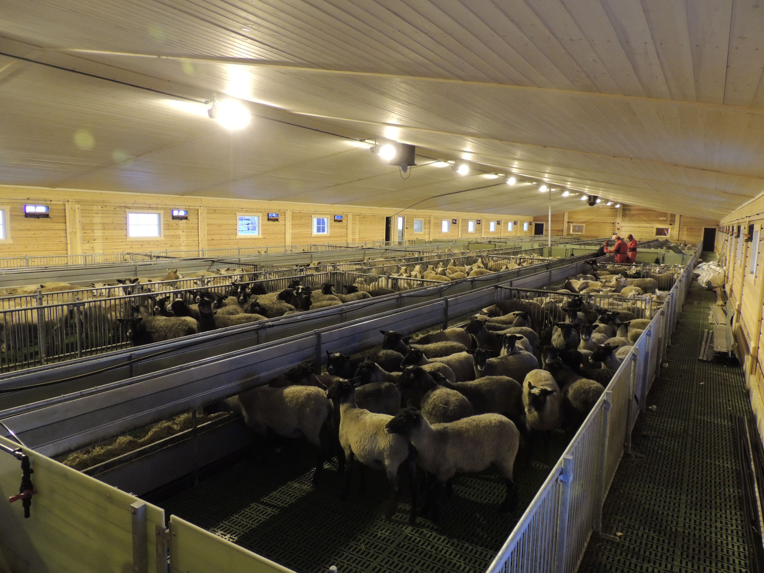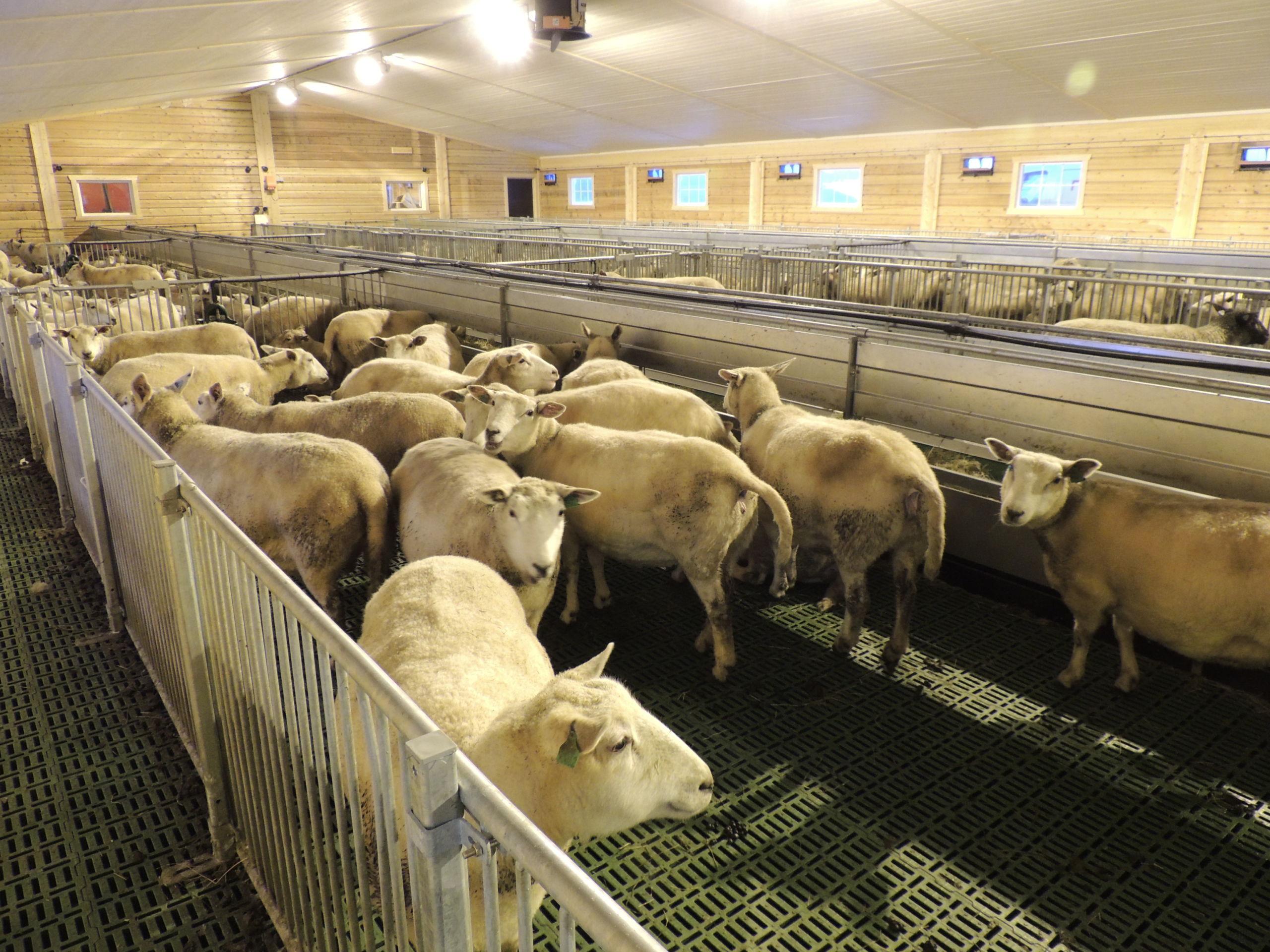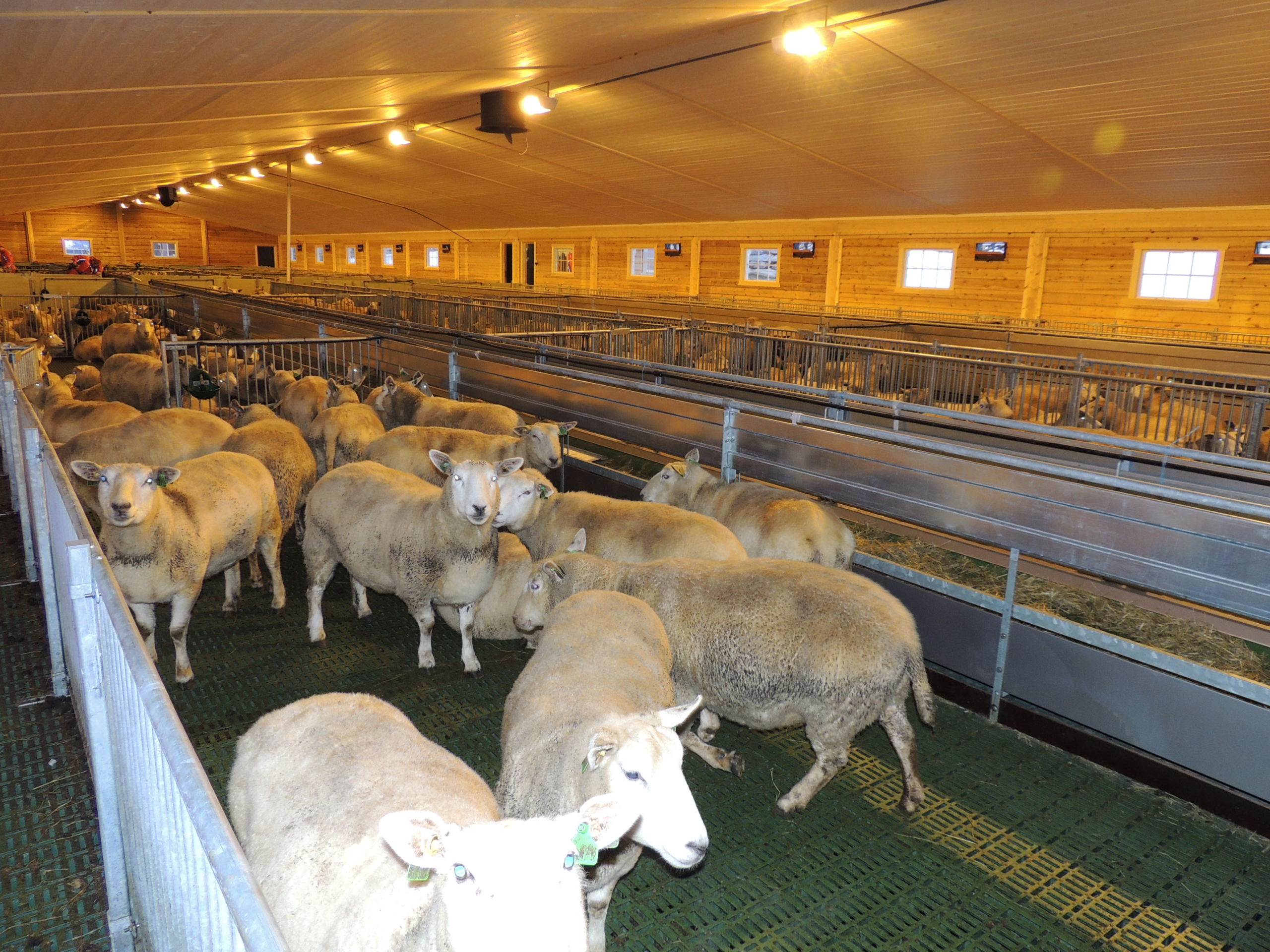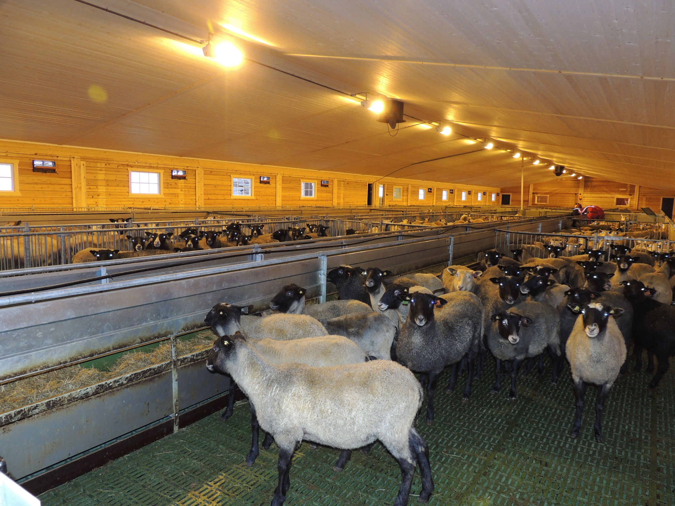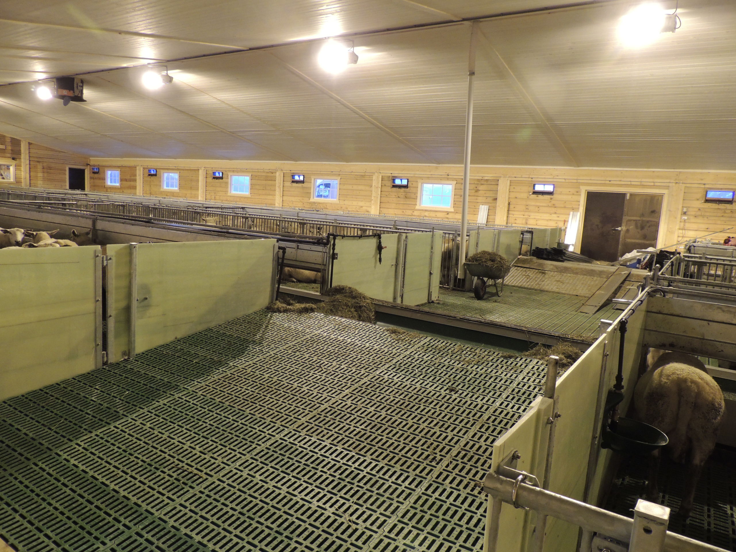Det nye fjøset er på 64,2m x 15,8m, og har plass til ca 600 sau. Det er MIK Stepper plastrister over hele arealet. Rullende fôrbrett med overgang i midtgang. Bingeskiller med stående spiler og tette glassfiberskiller i ender. Vi har også levert lammegrinder. Big Dutchman ventilasjon, og drikkekar fra Suevia. Lammedrikkeautomater vil også bli tatt i bruk.
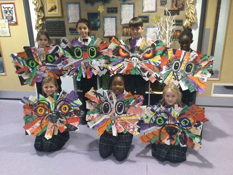 Online tutorials helped us learn how to use a range of oil pastel colours to create a graduated ombre effect for the huge eyes. The children carefully painted expressive lines with Indian ink to bring the features of the animals and birds together. They were delighted with the overall effect!
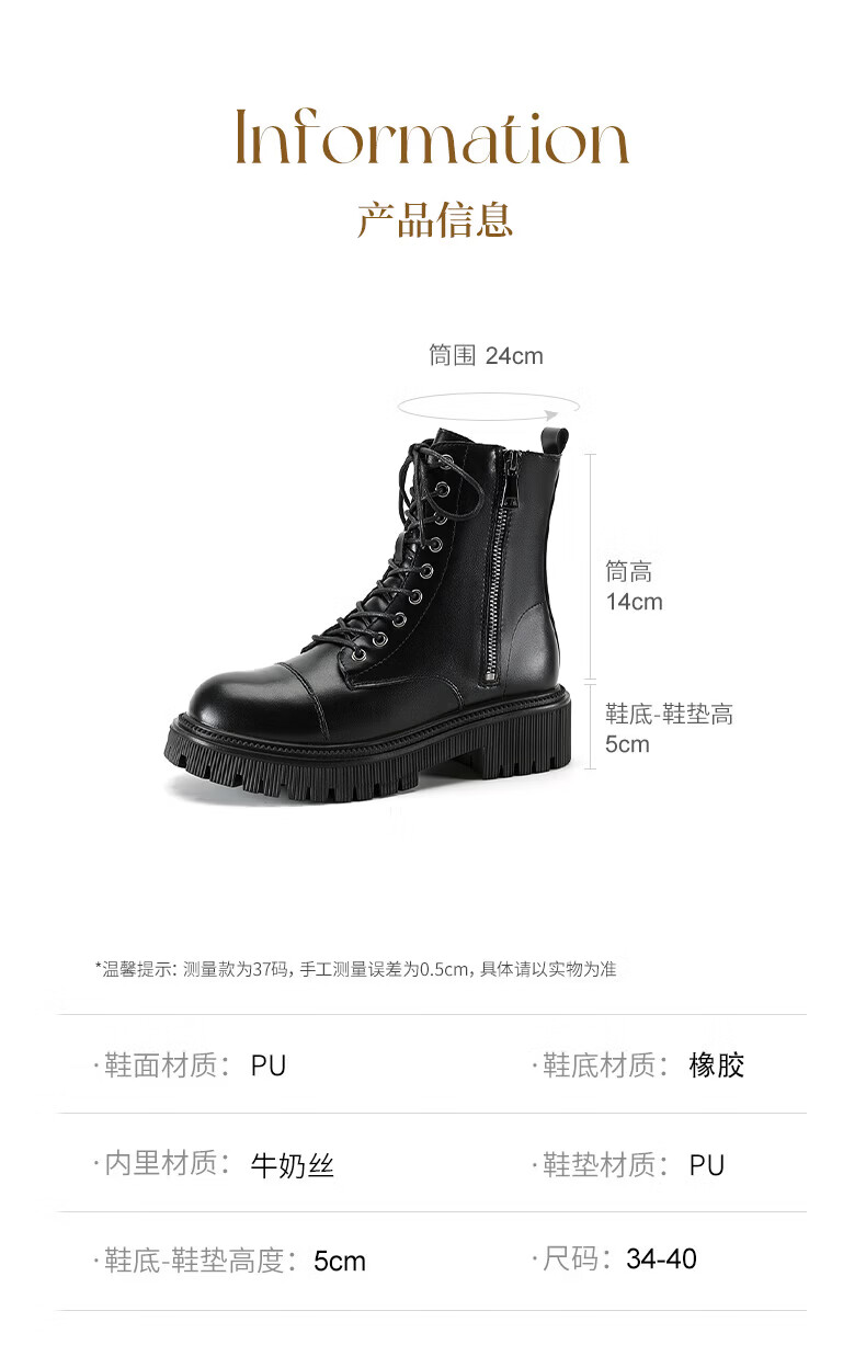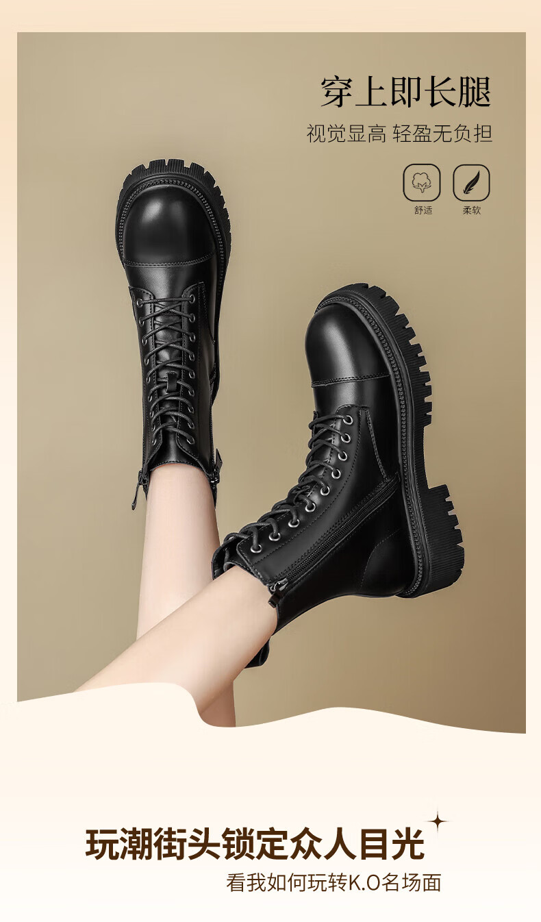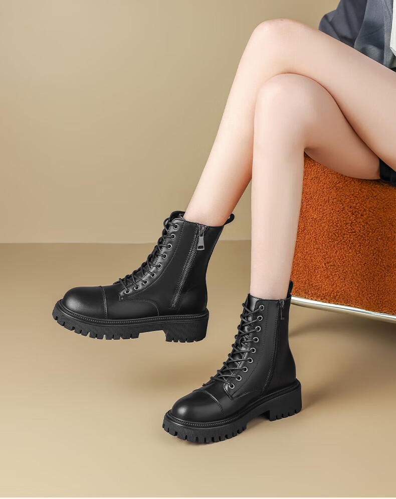 Daphne Martin boots for women 2025 British style small height increasing short boots versatile black work boots milk tea color 37
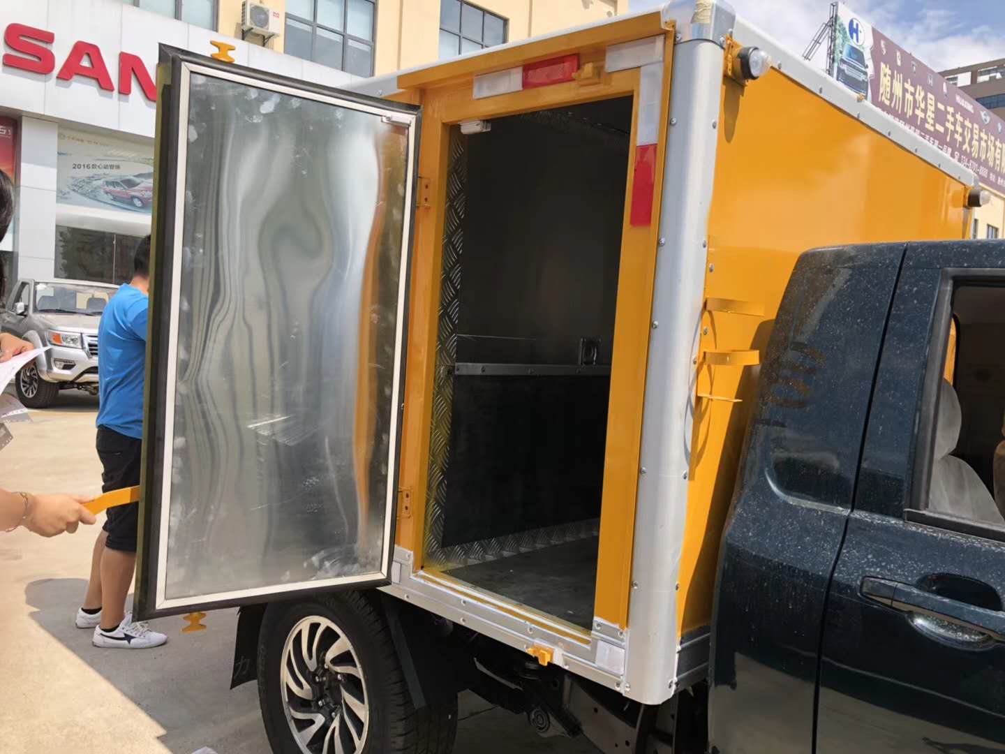 上裝配置:貨廂尺寸為2030X1780X1210(mm)、廂體外飾冷板、內(nèi)飾鋁板、中間為防阻燃泡沫、廂內(nèi)安裝臥環(huán)、煙霧報(bào)警器、防盜報(bào)警器、后雙開門(選裝隔斷及側(cè)開門)、帶拖地靜電帶,兩個(gè)滅火器,危險(xiǎn)品警示燈,危險(xiǎn)品標(biāo)牌,其它均按廠標(biāo)組織生產(chǎn)。
———
Could the lines from the top of the material through the line with "Daphne Martin boots" be repeated exactly, pictures left out?

Det nye fjøset er på 64,2m x 15,8m, og har plass til ca 600 sau. Det er MIK Stepper plastrister over hele arealet. Rullende fôrbrett med overgang i midtgang. Bingeskiller med stående spiler og tette glassfiberskiller i ender. Vi har også levert lammegrinder. Big Dutchman ventilasjon, og drikkekar fra Suevia. Lammedrikkeautomater vil også bli tatt i bruk.
 Online tutorials helped us learn how to use a range of oil pastel colours to create a graduated ombre effect for the huge eyes. The children carefully painted expressive lines with Indian ink to bring the features of the animals and birds together. They were delighted with the overall effect!
 Daphne Martin boots for women 2025 British style small height increasing short boots versatile black work boots milk tea color 37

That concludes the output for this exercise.